As basic as it may sound, many employers don’t really know what’s on their employees’ minds. But as Brower notes, leaders need to understand the people who work for them if they want to bring out their best. So while general data and extensive studies can give leaders useful perspectives, they should also get a more nuanced read on the individuals on their team.
Brower recommends seeking employee feedback in surveys, focus groups, interviews, and by observing them on the job. She notes: “Quantitative data like surveys can tell you what people think, but qualitative data like discussions can tell you why people are reacting as they are.”
She suggests leaders and tiered managers go beyond aggregated data to understand people as individuals. They can achieve this by asking employees questions, developing stronger relationships, showing empathy, and helping them align their work with purpose.
Every company has a work culture. But Brower echoes David J. Friedman’s mantra that effective cultures are created by design. The author and CultureWise CEO has written two books and spoken to thousands of business leaders about the importance of intentionally developing the organizational culture they want. The key to achieving this is identifying and defining the behaviors that will shape the culture and help employees flourish.
It’s also essential for leaders to help employees understand how their work helps the company achieve its mission and vision. For example, they should provide their team members with clarity about their roles and responsibilities and what they mean in the larger picture. The behaviors they outline will assist their staff to do their best work in this broader context and confidently confront challenges.
In addition, leaders must work to build trust among their people by making transparency a priority. Employees feel much more secure if they have a truthful boss who shares information and levels with them about the company’s challenges. And leaders who demonstrate integrity and openness foster similar behaviors in their staff, which helps everyone feel more grounded and comfortable at work.
DEVELOP & EMPOWER
Developing and empowering employees is a significant way to energize staff and strengthen an organization. Some leaders may think educating their employees is outside of their budget. But companies can still empower their people to grow even if they can’t afford expensive training programs or to subsidize additional education.
One of the most effective ways to help employees grow is having managers who understand their role in their team members’ development. Managing people is a skill beyond telling people what to do. Like a coach, a manager’s job is to encourage their team members and help them improve.

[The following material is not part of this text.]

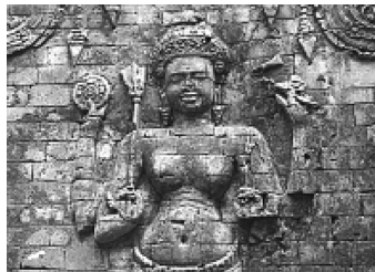
ภาพพระลักษมี 4 กร ที่ปราสาทกระวัล กัมพูชา

นอกจากนั้น จารึกที่ปราสาทชนะ ในรัชกาลของพระเจ้าอุทัยทิตยวรมัน ที่ 2 (พ.ศ.1593-1609) ได้กล่าวถึงรูปพระลักษมีทองคำ ซึ่งพระองค์ได้ พระราชทานแก่ข้าราชการบริพารท่านหนึ่ง เพื่อเป็นเครื่องหมายของหน้าที่ใน การเชิญพัตโปก (สุภัทรดิศ ดิศกุล, 2547, 57-58)

Critical skills for managers to master are being clear about expectations and setting up a system of positive accountability that helps their team members shine. Leaders who train their managers to be mentors and motivators will build employees’ self-esteem and make them feel more secure in their jobs.
Brower notes that work has changed over the past several years, so the work experience should also evolve. She recommends:
- Creating places where people want to show up and do their best
- Provide areas where they can focus, collaborate, learn, socialize, and rejuvenate
- Ensure processes are keeping up with shifting customer needs
- Upgrade technology to support new ways of working, such as remote or hybrid formats
As Brower explains, this complex era for workers and work experiences is ideal for resetting, reinventing, and reimagining work. It would be easy for leaders to succumb to the disruptions that continue to impact every industry. Instead, they should view today’s challenges as reasons to elevate their company culture and employee stability so their companies can succeed.